When we visit Antarctica we are mesmerized by its beauty. We want to learn more about it and understand it better. The more we learn, the more we appreciate what we see and end up feeling this urge to protect it. Most people who visit Antarctica return home converted into Antarctica ambassadors, who further conservation projects and, in my opinion, that is exactly what Antarctica needs.
I am originally from Turkey but have lived and worked in many wildernesses around the world. Since I moved to Chilean Patagonia seven years ago, Antarctica has been “the place” I dreamed to visit. Perhaps, it was that I was physically close to the continent (as close as one can get without being there) or the fact that I work as a wilderness guide in Torres del Paine National Park (if you haven’t been you should go there too) and remote, wild places have always fascinated me. In December of 2019, I was finally able to go.
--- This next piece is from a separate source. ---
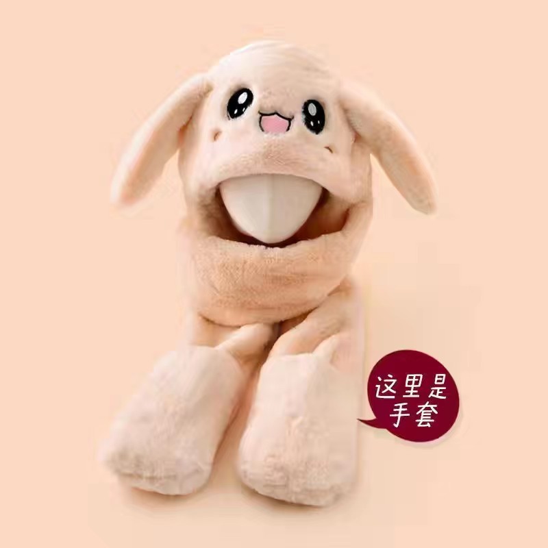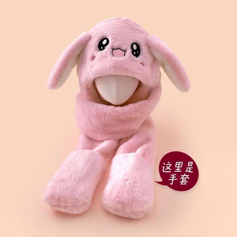 어린이 모자 스카프 3 피스 세트 원피스 두꺼운 토끼 귀 움직일 수있는 겨울 소녀의 귀여운 귀 보호 모자
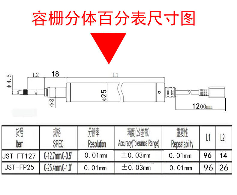 容栅式分体垂直百分表JST-FT12/JST-FT25

The truth is there are so few places that can match the untamed beauty of the Patagonian wilderness. However, I am not sure that Patagonia or any other place I have been would be comparable to my experience in Antarctica. Its very uniqueness makes it such a special place. On one hand it is a land vast, empty with a terrifying mass of infinite whiteness only interrupted with the dark rocks of its mountains, but at the same time it is the most otherworldly setting where a variety of incredible wildlife not only live, but thrive. My second morning on board the Ocean Nova ship, I woke up around 5 am to the most surreal scene of my life; we were heading toward the Lemaire Channel surrounded by thousands of ice floes on the sea, majestic peaks on the horizon and the brightest sunshine. This is when I truly felt I was in Antarctica.
In my language a word that helps describe my time in Antarctica is “Payidar” – it refers to the thing that lasts forever, lasting, permanent. Those are the memories I made in Antarctica, ones that will never fade. As I wrote this blog post though, after being asked by Antarctica21, I realized travel to Antarctica right now is only something we can dream about. To keep inspiring your wanderlust, I thought you could take a bit of Antarctica home. Below you will find two of my favorite photos from my Antarctica trip, for your enjoyment. Download them, print them and hang them wherever you please. Enjoy!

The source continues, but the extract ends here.